Antara Kalem dan Emosional
Pakar komunikasi Hamdi Muluk mengatakan kedua kubu memang harus menempatkan posisi kontras baik dalam konten maupun tampilan agar bisa membangun "branding".
Dalam konstestasi, branding diperlukan agar orang mudah mengingat. Meski demikian, branding yang dibangun oleh Prabowo dan Jokowi sangat dilatari oleh kondisi psikologis.
Hamdi menyebut pada 2014, sebanyak 204 psikolog politik telah menjawab survei tentang karakter kedua capres.
"Prabowo lebih temperamental, Jokowi lebih kalem.

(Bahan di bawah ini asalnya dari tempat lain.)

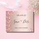 An elegant and simple Save the Date card for a Quinceañera, 15th (or any age)birthday party. A chic rose gold faux metallic, foil looking background decorated pink and rose gold watercolored botanical florals. Templates for a date and name/age. Black colored letters. The text: Save the Date is written with a large trendy hand lettered style script.

Prabowo lebih emosional, Jokowi lebih tertata. Prabowo lebih kuat untuk menunjukkan dia berkuasa, dia power, dia nasionalistik, dia hebat," papar Hamdi.
Dalam hal ini, sikap keduanya akan dilihat secara berbeda oleh publik. Prabowo yang dalam survei itu disebut lebih emosional, misalnya akan dilihat dengan perpektif berbeda.
"Bagi orang-orang tertentu dianggap heroik, karena selalu bicara tentang nasionalisme, bahkan ultranasionalisme."
Hamdi mengatakan telah membuat survei. Satu pertanyaan yang dimunculkan adalah apa yang membuat orang memilih atau tidak memilih Jokowi, serta memilih atau tidak memilih Prabowo.
"Kenapa memilih Jokowi, kita memerlukan orang yang lebih terkontrol emosinya, tenang dalam bekerja, tangannya dingin, enggak banyak omong, tapi kerjanya jelas, energinya besar, melayani," papar Hamdi.